- _Instructions to follow_
Give the data again exactly, without images.

- _Collected material_

=====

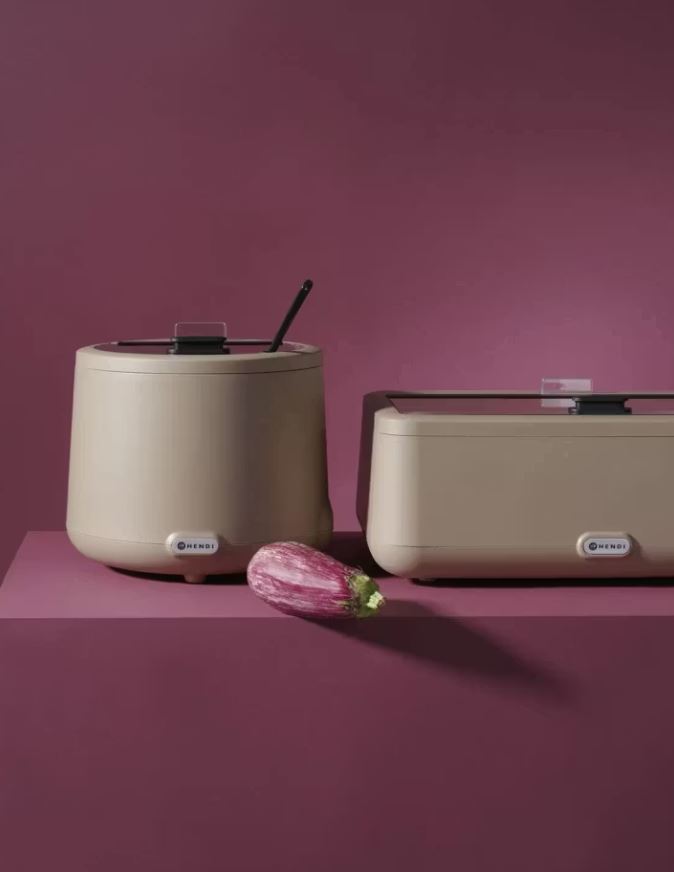Med sin stilrena beige färg är soppvärmare Uniq Hendi inte bara praktisk utan också ett snyggt inslag på buffébordet. Den är lätt att transportera och därför utmärkt för catering, samtidigt som den ger pålitlig varmhållning för professionella restaurangkök.
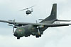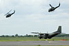 Transall beim Start, beschützt durch zwei UH-1D
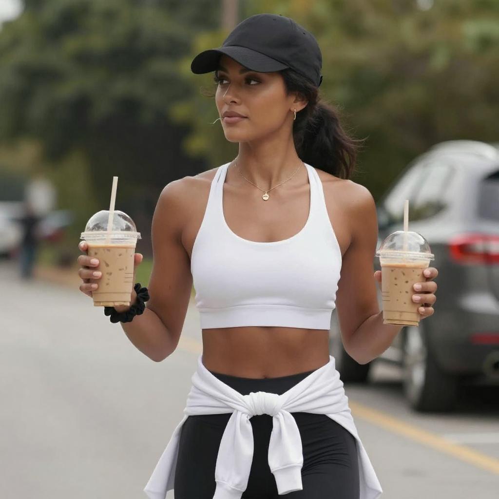 Photograph of a fit woman with long dark hair, wearing a white sports bra, black track jacket with white stripes, black track pants, and black sneakers. She holds a red quilted handbag in her left hand and a bubble tea with a green straw in her right. She is smiling and walking in a dimly lit parking garage.
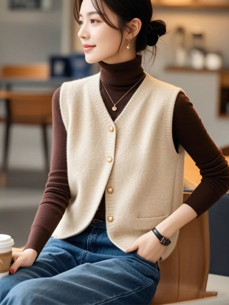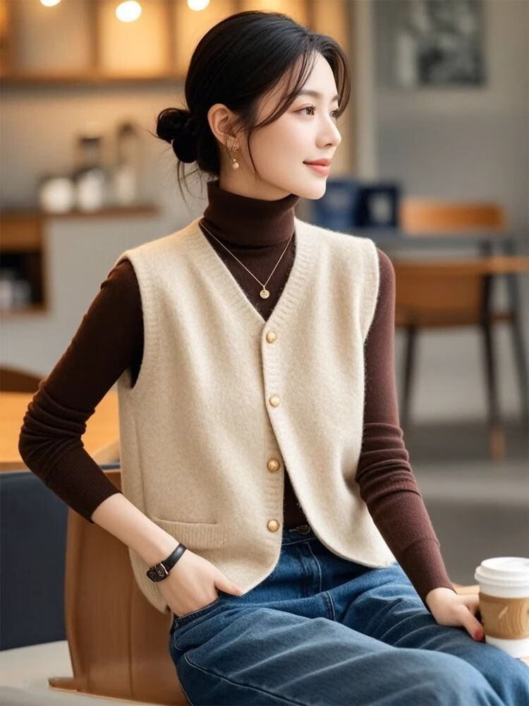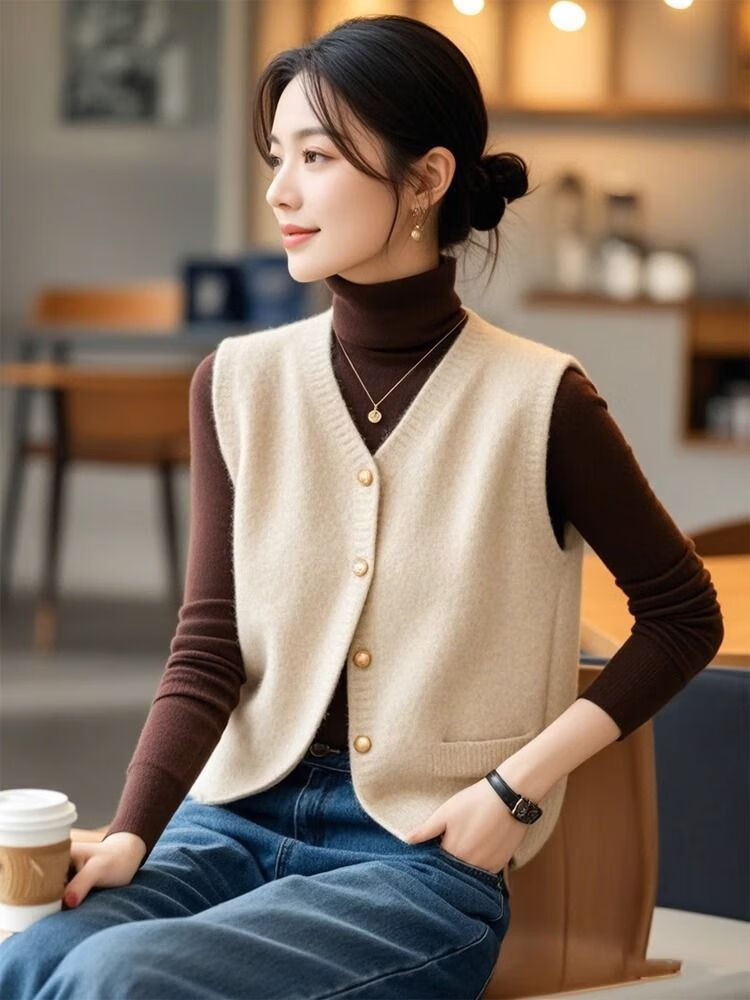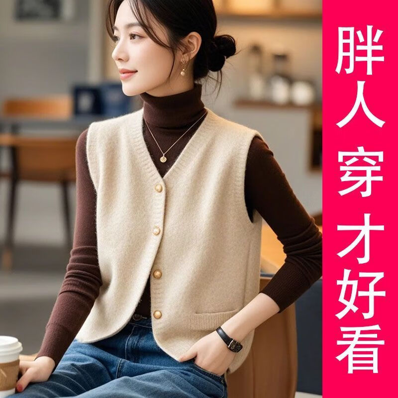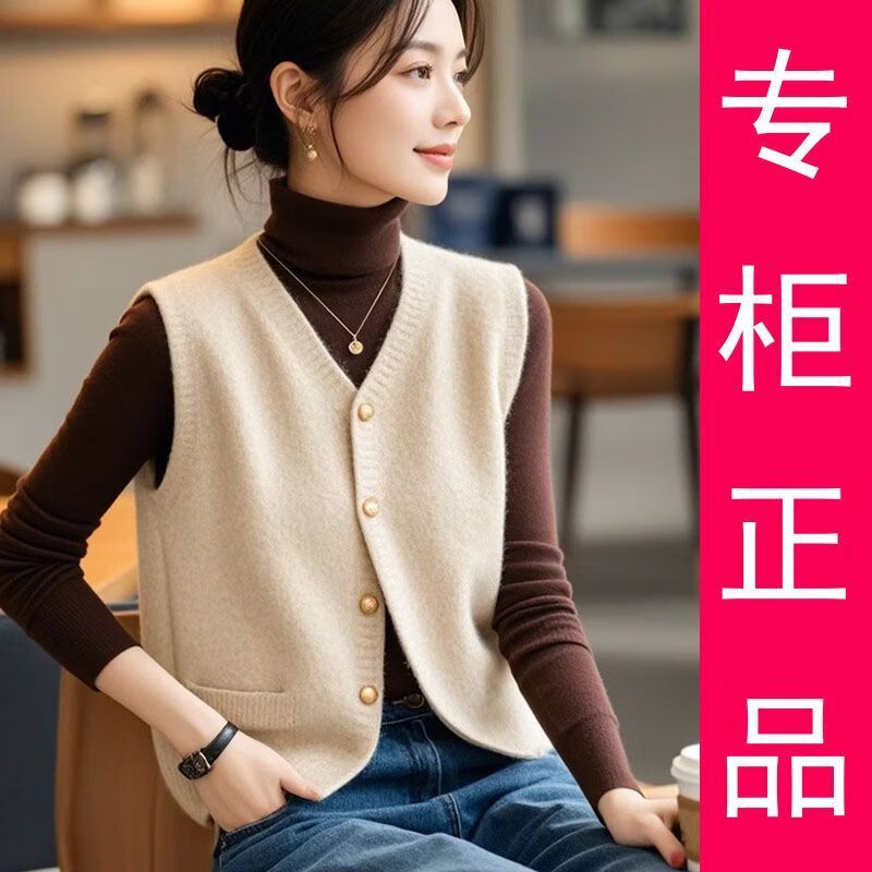 Hengyuanxiang fashion age-reducing wool knitted vest for women spring and autumn new temperament single-breasted cardigan sleeveless top vest khaki 2XL recommended 120-130

=====

- _Reply_
Med sin stilrena beige färg är soppvärmare Uniq Hendi inte bara praktisk utan också ett snyggt inslag på buffébordet. Den är lätt att transportera och därför utmärkt för catering, samtidigt som den ger pålitlig varmhållning för professionella restaurangkök.
 Transall beim Start, beschützt durch zwei UH-1D
 Photograph of a fit woman with long dark hair, wearing a white sports bra, black track jacket with white stripes, black track pants, and black sneakers. She holds a red quilted handbag in her left hand and a bubble tea with a green straw in her right. She is smiling and walking in a dimly lit parking garage.
 Hengyuanxiang fashion age-reducing wool knitted vest for women spring and autumn new temperament single-breasted cardigan sleeveless top vest khaki 2XL recommended 120-130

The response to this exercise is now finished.